Friday, 8 August 2014

Apple iPhone Privacy Changes Lead to Layoffs at Retail Tracking Startup Nomi

layoffs job cuts

Apple giveth, and Apple taketh away.
When iOS8, Apple’s new mobile operating software, rolls out in the fall, a subtle change in how Wi-Fi networks identify nearby iPhones is set to upend how some retail stores are tracking repeat visits by shoppers. One of the companies helping retail stores do that tracking is already feeling the impact.
Nomi, a startup that has raised $13 million in venture capital, has laid off at least 20 of its 60 or so employees, in part because of these forthcoming changes, according to sources.
Nomi sold a service to retail stores that allows them to track how many shoppers visit their stores, where they spend time inside the stores and how frequently they return. Some of this tracking is done by installing video cameras in stores to count foot traffic. But repeat visitor information was mainly gathered by keeping track of an iPhone’s MAC address — the 12-character identifier that is broadcast when a phone is searching for nearby Wi-Fi networks.
The problem for Nomi, and others in the space, is that Apple will start randomizing that number in iOS8, as Digiday and others have reported in recent months. That means that an iPhone running iOS8 that enters a store one day with a certain MAC address, will end up broadcasting a different MAC address if it appears in the store a few days later. So say goodbye to being able to track repeat visits through Wi-Fi.
“On the Wi-Fi side, Apple has basically said that they don’t like this method of tracking,” Nomi CEO Marc Ferrentino said in an interview on Friday morning. “Apple is signaling to the market that beacons are the way that they want this to be done.”
Nomi previously announced that it was going to start selling beacons to retailers as part of its in-store tracking system. Beacons are tiny pieces of battery-powered hardware that can broadcast messages to nearby phones via Apple’s iBeacon technology.
Nomi is now doubling down on video and beacons, and not installing any new Wi-Fi systems.
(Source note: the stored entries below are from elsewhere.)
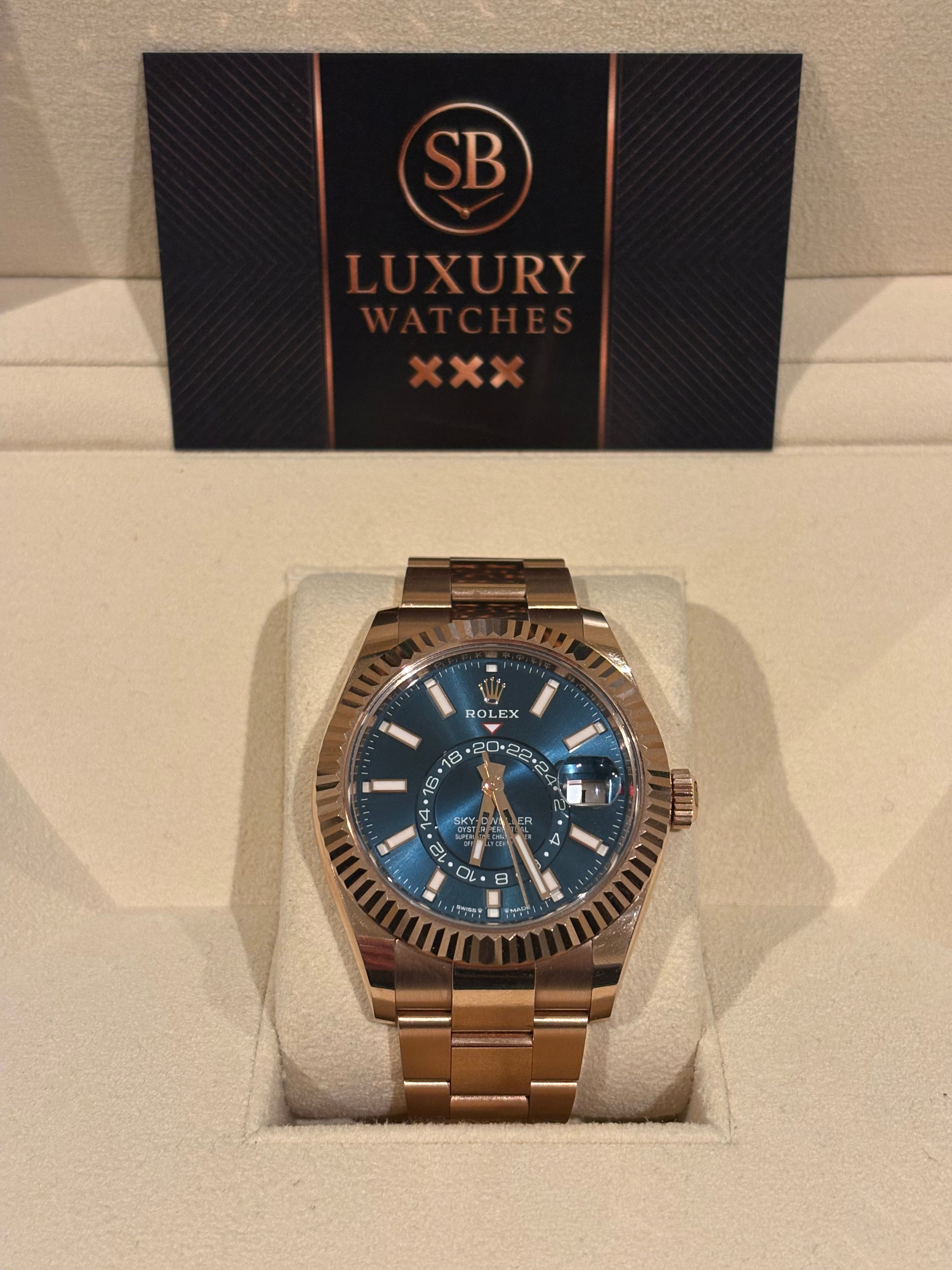 Rolex Skydweller rosé gold with a blue DialOyster bracelet full set
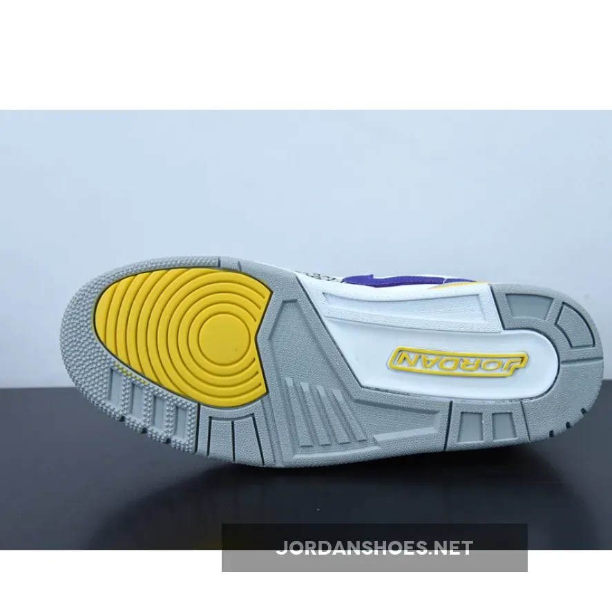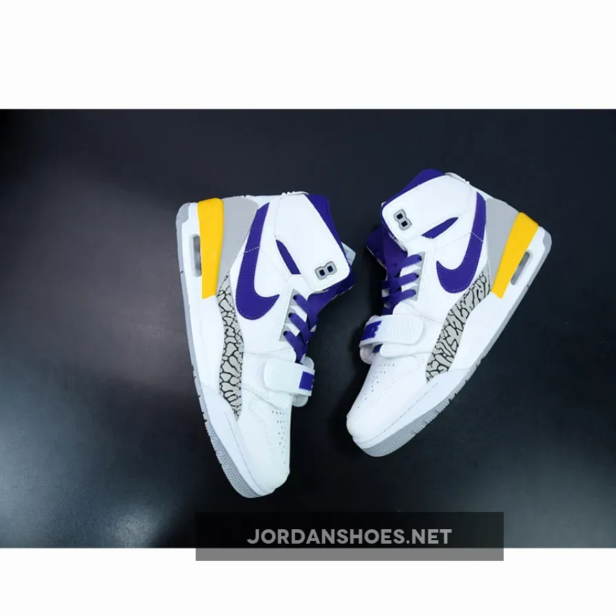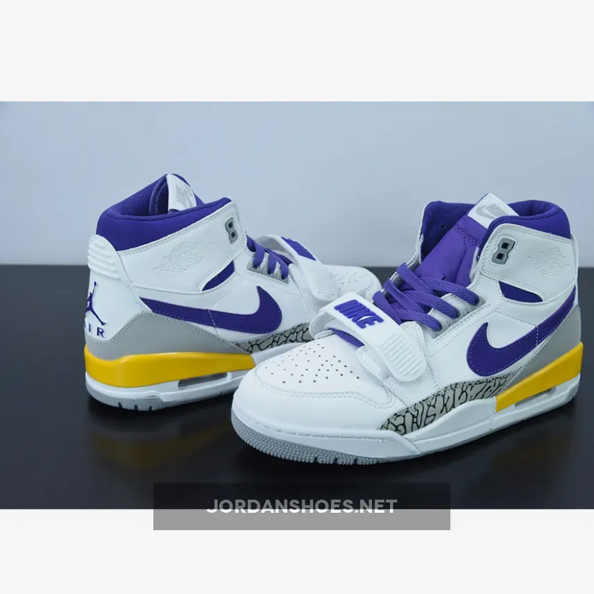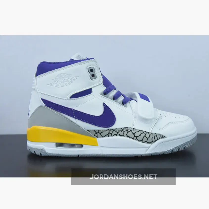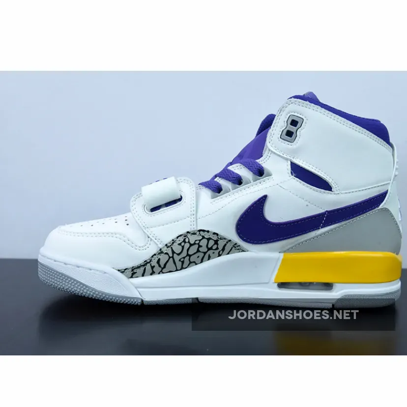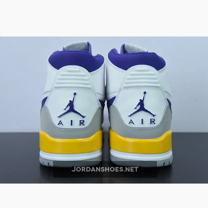Dressed in a White, Field Purple, and Amarillo color scheme. This Don C x Jordan Legacy 312 features a White leather upper paired with Purple and Yellow accents. Other details include Grey suede wrapping around the lower heel, along with its signature elephant print.
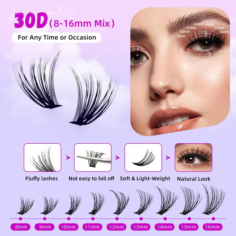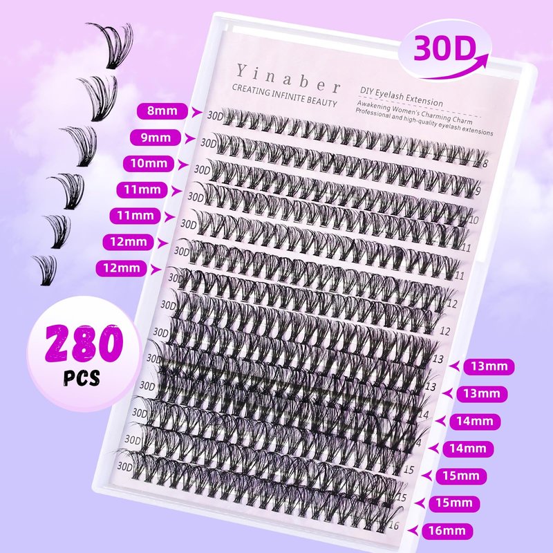 - 【Diverse and personalized choices】: Enjoy a soft and comfortable wear with the Yinaber lash Clusters that ensures comfort without any burden. Create a customizable lash look with our individual lash clusters, available in different lengths and volumes (8-16mm, 30D)Cluster lashes are versatile and suitable for various occasions, whether you're having a night out with friends, attending a special event, or during a workday. You'll complete all these looks effortlessly in no time!
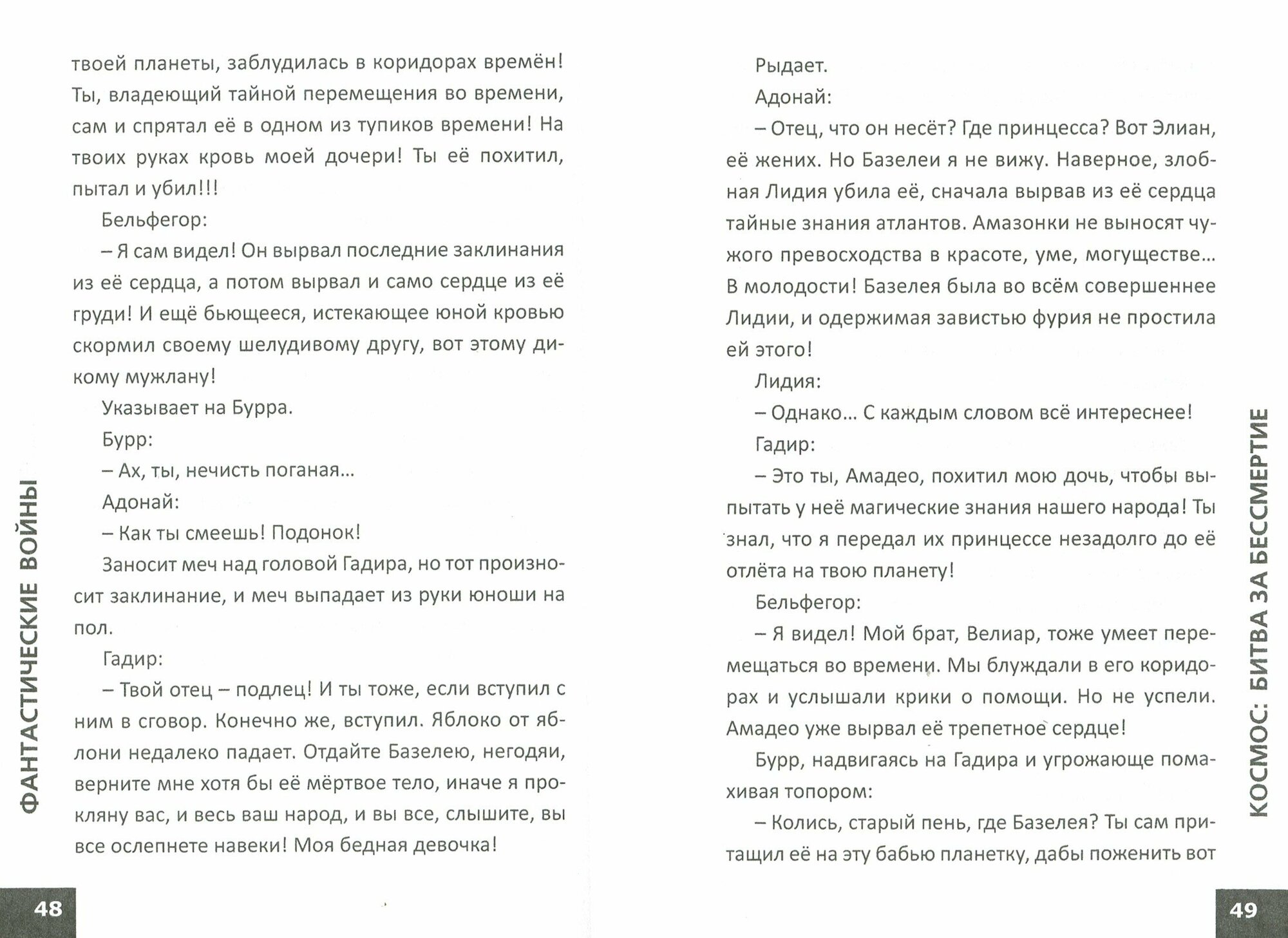 Новая книга Карины Сарсеновой включает драматические произведения в жанре боевого фэнтези "Космос: битва за бессмертие" и "Космос: битва за бессмертие-2", "Желать нельзя отказывать" (фантастическо-эротическую комедию) и мистический триллер "Цена страха". Их объединяет общая главная тема - война человека с самим собой, та наиглавнейшая война, на фоне которой разворачиваются все жизненные битвы. И от того, кто победит в этой битве - светлое или тёмное начало человека - зависит очень многое…
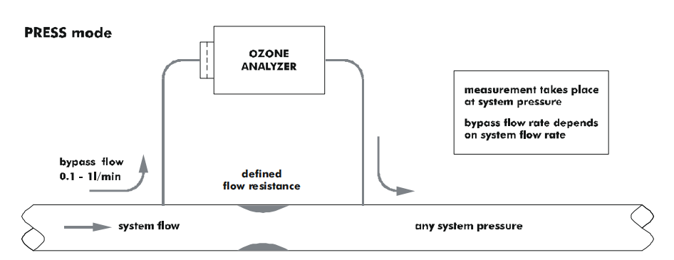 將分析儀連接到臭氧系統的兩種模式,全流式和旁通式,當然都需要配備有耐臭氧的內部壓力傳感器的分析儀。壓力傳感器的壓力范圍和由內部微處理器執行的壓力補償范圍必須與臭氧系統中實際可能出現的壓力范圍相匹配。我們提供的壓力范圍為 0.5-1.5 至 0.5-4.0 bar 絕對壓力。

It will keep current Wi-Fi systems up and running, since they’ll continue to provide information about individual shopper visits, such as where in a store shoppers migrate and how quickly they leave the store after entering.
In the meantime, Nomi cut staff, including many salespeople, in early July in part because the company had a large backlog of store installations that needed to be completed. And, in part, because beacon installations don’t require as much time and resources as Wi-Fi installations did.
“We’re excited about this,” Ferrentino said of Apple’s promoting beacon technology. “It takes the privacy conversation off the table and puts it in the end users’ control.”